В чертах Мазо вновь выразилось беспокойство. Он нахмурился, как человек, совершивший серьезный промах в очень важном деле. Оливковое лицо Мазо побледнело, а взгляд, как показалось собеседнику, дрогнул. Но волнение было недолгим, Мазо встряхнулся, словно сбрасывая с себя слабость, и приобрел более естественный и уверенный вид.

— Ты не отвечаешь?

— Синьор, вам известен мой ответ. Дела мои не терпят промедления, а в монастыре Святого Бернарда я уже был. Я должен спешить в Аосту и буду рад передать ваши поручения достойному Джакомо. От владений Савойского дома меня отделяет только один шаг — и с вашего, доблестный капитан, позволения я этот шаг сейчас сделаю.

Мазо ступил в сторону, чтобы обогнуть Сигизмунда, но тут сзади на него набросились Пиппо и Конрад, которым удалось, хотя и не без труда, прижать его руки к бокам. Лицо итальянца налилось кровью, и он улыбнулся с презрением и ненавистью, как человек, охваченный смертельной злобой. Собрав все силы, он внезапно начал отчаянно, с львиной яростью сопротивляться и одновременно выкрикнул: «Нетгуно!»

Схватка была короткой, но жестокой. Когда она окончилась, оказалось, что Пиппо валяется среди камней с пробитой, кровоточащей головой, а пилигрим задыхается поблизости, схваченный мощными челюстями собаки. Мазо твердо стоял на ногах, готовый, судя по его бледности и суровому виду, со всей своей энергией, физической и умственной, противостоять грозящей опасности.
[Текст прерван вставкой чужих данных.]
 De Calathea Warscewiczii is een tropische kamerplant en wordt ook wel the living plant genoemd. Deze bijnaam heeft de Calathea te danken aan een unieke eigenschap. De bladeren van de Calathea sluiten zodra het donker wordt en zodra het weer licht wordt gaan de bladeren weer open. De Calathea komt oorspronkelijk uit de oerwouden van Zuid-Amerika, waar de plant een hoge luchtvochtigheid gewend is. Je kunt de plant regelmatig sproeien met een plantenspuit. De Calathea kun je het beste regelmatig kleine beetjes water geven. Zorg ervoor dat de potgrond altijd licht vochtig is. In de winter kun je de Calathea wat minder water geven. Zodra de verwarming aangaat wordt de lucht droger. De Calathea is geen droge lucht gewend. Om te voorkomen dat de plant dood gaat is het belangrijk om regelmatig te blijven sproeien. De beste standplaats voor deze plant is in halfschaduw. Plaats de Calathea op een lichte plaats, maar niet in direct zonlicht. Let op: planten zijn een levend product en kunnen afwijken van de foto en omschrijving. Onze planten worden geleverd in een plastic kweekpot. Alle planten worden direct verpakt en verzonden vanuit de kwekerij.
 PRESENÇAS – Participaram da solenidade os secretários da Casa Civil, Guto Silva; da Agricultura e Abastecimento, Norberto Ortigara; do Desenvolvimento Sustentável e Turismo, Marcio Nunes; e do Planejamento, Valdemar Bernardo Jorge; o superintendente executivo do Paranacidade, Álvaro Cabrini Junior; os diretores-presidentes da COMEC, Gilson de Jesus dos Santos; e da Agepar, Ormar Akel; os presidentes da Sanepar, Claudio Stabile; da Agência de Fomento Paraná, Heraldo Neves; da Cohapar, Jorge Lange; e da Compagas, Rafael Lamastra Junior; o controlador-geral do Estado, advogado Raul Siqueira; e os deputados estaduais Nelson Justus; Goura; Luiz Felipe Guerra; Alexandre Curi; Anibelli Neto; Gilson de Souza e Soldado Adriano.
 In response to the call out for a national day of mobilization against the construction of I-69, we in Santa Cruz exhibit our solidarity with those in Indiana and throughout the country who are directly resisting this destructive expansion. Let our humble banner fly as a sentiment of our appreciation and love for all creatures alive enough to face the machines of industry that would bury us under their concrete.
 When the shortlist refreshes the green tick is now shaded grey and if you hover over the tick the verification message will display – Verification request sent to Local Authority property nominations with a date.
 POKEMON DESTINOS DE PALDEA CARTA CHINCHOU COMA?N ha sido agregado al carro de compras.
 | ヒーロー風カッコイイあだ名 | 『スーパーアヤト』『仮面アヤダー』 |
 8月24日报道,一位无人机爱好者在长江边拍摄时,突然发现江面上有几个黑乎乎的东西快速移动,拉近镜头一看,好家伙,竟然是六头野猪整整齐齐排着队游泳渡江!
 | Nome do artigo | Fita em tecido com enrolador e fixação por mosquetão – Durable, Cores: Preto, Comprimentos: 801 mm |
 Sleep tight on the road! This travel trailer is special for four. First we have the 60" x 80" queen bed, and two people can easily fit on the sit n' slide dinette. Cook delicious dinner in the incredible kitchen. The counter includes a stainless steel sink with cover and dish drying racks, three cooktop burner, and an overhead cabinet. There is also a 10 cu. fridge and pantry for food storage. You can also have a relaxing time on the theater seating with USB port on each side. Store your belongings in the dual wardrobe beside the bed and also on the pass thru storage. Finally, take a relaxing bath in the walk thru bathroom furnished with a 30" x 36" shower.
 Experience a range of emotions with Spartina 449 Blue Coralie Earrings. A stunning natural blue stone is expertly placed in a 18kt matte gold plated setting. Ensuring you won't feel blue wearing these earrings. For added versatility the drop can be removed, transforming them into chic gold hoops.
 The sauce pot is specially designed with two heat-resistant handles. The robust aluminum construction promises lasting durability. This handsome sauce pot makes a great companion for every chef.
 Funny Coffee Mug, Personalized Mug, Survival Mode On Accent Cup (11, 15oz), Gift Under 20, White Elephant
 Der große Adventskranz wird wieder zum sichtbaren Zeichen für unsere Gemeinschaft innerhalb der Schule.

— Разве я животное, чтобы натравливать на меня эту мразь? — воскликнул он. — Если ты, синьор Сиджизмондо, что-нибудь против меня имеешь, действуй сам, а не руками этих продажных тварей. Убедишься, что ни в силе, ни в смелости я тебе, во всяком случае, не уступаю.

— Я не распоряжался и не желал, чтобы они нападали на тебя, Мазо, — отвечал Сигизмунд, краснея. — Я сам с тобой справлюсь, а если нет, ко мне прибегут помощники, сопротивляться которым ты едва ли сочтешь благоразумным.

В тот миг, когда завязалась схватка, августинец отступил в сторону, на скалу, и сделал оттуда знак, на который к нему из монастыря бросились мастиффы. Теперь эти мощные звери были уже близко, нутром чуя борьбу. Неттуно тут же отпустил пилигрима и принял оборонительную позу; верный своему хозяину, он не собирался покинуть его в беде, но в то же время сознавал, что силы чересчур неравны. К счастью для благородного пса, его выручила дружба со старым Уберто. Обнаружив, что патриарх настроен миролюбиво, более молодые псы остановились в ожидании нового сигнала к атаке. Тем временем Мазо смог оглядеться и принять решение, руководствуясь на сей раз не гневом, а разумом.

— Коли вам так угодно, синьор, — заговорил он, — я вернусь к августинцам. Но прошу о справедливости: если уж меня, как зверя, травят собаками, то пусть мою участь разделят все, чьи обстоятельства сходны с моими. Пилигрим и неаполитанец, как и я, находились вчера в горах, поэтому я требую, чтобы их тоже арестовали и допросили. Не в первый раз мне делить с ними заточение.

Конрад осенил себя крестом, показывая, что готов подчиниться. Ни он, ни Пиппо ни словом не возразили против этого предложения, а, напротив, честно признали его справедливым.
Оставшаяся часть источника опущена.